In Part I I put together the cabinet, in Part II I got the main electronics installed, in Part III I created a custom rear jack panel, and in Part IV I got everything up and running 95% how I wanted.

After that last post, I took the machine to work to show off. Got lots of people to try it out, and the biggest bit of feedback was people wanted their MAME games. I also really wanted to play six-button Sega Genesis games. So I spent some time updating my secondary RetroPie build to the latest version, which gave me a much more functional Genesis emulator, including save state support and six-button controls. Then I switched to mame4all-pi, and put the correct MAME roms on the box, which finally gave me working MAME games.

Once I was sure the update would improve things without breaking my Picade, I went ahead and switched back to that build. I updated the Picade, and when that was done, it turns out I was using the wrong resolution before. The Picade Mini has a 4:3 screen, and I was outputting widescreen before. Once I fixed that, I changed the splashscreen to use the official Picade art from the Kickstarter.

The last bit of work was getting MAME working. It involved making all of the requisite folders mame4all-pi needs to save configs and high scores. Once that was done, I spent the time to go into MAME and reconfigure all of the controls to use what I have on my joystick.

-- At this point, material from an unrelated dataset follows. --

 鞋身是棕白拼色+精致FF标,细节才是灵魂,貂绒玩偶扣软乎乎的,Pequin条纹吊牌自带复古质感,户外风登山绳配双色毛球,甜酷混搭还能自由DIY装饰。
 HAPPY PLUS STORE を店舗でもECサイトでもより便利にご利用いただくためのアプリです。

Everything I’ve done is in the updated configs file I’ve attached at the bottom of this post.

Here’s an updated video of the build in action:

And the original video if you missed it:

Enjoy!

/jon

My Picade Configs [184k ZIP] Updated 02-JUL-2014

I’ve configured my build to use as much screen real estate as possible without compromising on aspect ratios. The buttons are set up such 1-6 on the top map to playing buttons (Y X L B A R), the front are for Start and Select, and the side buttons are Escape and Control. Holding the right side button while I hit another button performs various emulator commands:

• Left side – exit the emulator and return to the menu
• B (bottom row, first button) – lower volume
• A (bottom row, 2nd button) – raise volume
• R (bottom row, last button) – hits Ctrl+C to forcefully exit any game
• Y (top row, first button) – load state
• X (top row, 2nd button) – save state
• Select – bring up emulator menu

Includes configs for all of the RetroArch emulators, and for mame4all-pi. Feel free to change the configs to support your own needs.

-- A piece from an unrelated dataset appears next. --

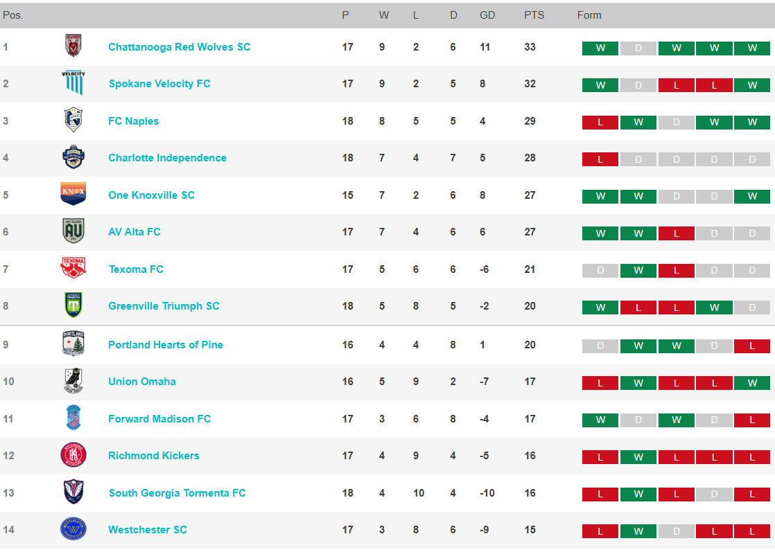 Omaha (P:16 W:5 D:2 L:9 GF:20 GA:27 GD:-7 in league play) are on stuttering form. Under interim Head Coach Vincenzo Candela, they’re three wins and three losses but won their most recent game at home against Westchester. Chasing a playoff spot, they do have a couple of games in-hand on some of the clubs around them. However, they have the second-worst home form in the league, having won just two of five games at Werner Park.

In Part I of this build, I put together the main parts of the cabinet. In Part II I got the main kit’s electronics installed and tested. In Part III I created a custom rear jack panel.

Next step was to finally install the rear door. The included hinges and latch worked perfectly.

With the rear door in place, it was time to install the Raspberry Pi and put into effect my grand wiring scheme.

The goal has always been a single power supply with a single power switch to get me into a ready to play system. With that in mind I installed a single throw, double pole switch.

The first pole is responsible for powering the monitor and customized USB hub directly. For the monitor I used the cut off the barrel-end of the included power supply. For the USB hub I severed the power leads for the host plug (so that it would never draw power from the Raspberry PI itself) and ran new power lines straight out the side. Simple enough, and both devices power up as soon as I hit the switch.

Now for the Raspberry Pi itself, I need something else. If I run power straight from the switch to the Pi, then killing the power threatens corrupting the Pi’s SD card and killing the machine.

Since it’s a common enough problem, and since I didn’t want to reinvent the wheel, I simply used a Mausberry shutdown circuit. In concert with a small script that runs on the Pi itself, what the shutdown circuit does is uses a pair of GPIO pins on the Pi to monitor when the Pi is running. When the switch is thrown, the circuit tells the script to tell the Pi to perform a clean shutdown. After the shutdown occurs (killing the script), the circuit finally cuts power to the Pi.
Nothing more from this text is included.